EXERCISE INPUT:
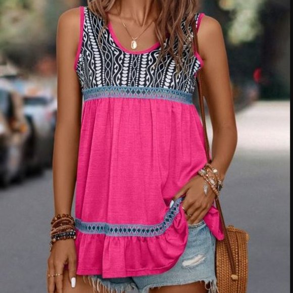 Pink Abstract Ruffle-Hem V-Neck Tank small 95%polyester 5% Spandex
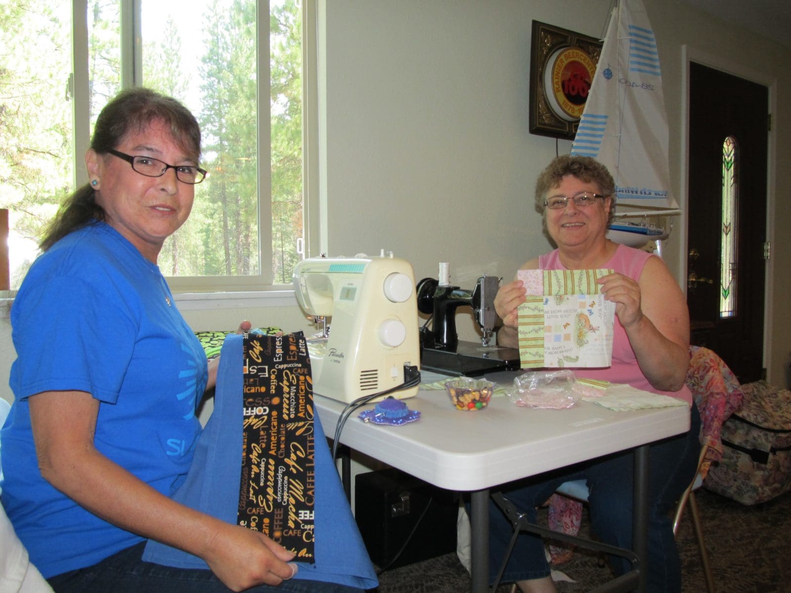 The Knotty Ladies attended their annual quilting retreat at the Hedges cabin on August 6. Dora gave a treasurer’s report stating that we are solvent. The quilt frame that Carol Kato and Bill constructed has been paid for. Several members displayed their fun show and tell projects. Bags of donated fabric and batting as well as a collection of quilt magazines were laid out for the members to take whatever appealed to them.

--

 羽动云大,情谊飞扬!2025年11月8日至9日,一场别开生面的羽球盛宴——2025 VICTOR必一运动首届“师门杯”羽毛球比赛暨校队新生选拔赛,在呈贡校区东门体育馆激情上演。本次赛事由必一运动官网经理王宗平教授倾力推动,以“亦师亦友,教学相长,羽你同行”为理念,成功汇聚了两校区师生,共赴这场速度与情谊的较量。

...

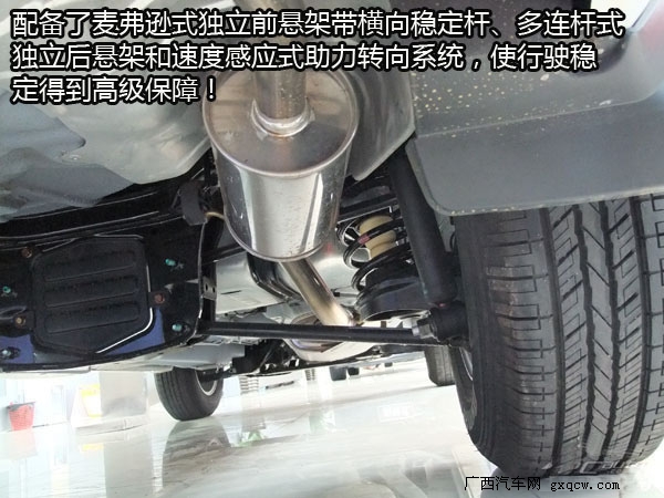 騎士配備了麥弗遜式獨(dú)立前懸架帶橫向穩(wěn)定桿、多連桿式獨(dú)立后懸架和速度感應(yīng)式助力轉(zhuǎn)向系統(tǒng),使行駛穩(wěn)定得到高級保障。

EXERCISE DESCRIPTION:
Return word for word the lines of the listing above, starting at the line with "Pink Abstract Ruffle-Hem" and ending at the line with "The Knotty Ladies", both included. Pictures do not belong in the copy.

FINISHED EXERCISE:
 Pink Abstract Ruffle-Hem V-Neck Tank small 95%polyester 5% Spandex
 The Knotty Ladies attended their annual quilting retreat at the Hedges cabin on August 6. Dora gave a treasurer’s report stating that we are solvent. The quilt frame that Carol Kato and Bill constructed has been paid for. Several members displayed their fun show and tell projects. Bags of donated fabric and batting as well as a collection of quilt magazines were laid out for the members to take whatever appealed to them.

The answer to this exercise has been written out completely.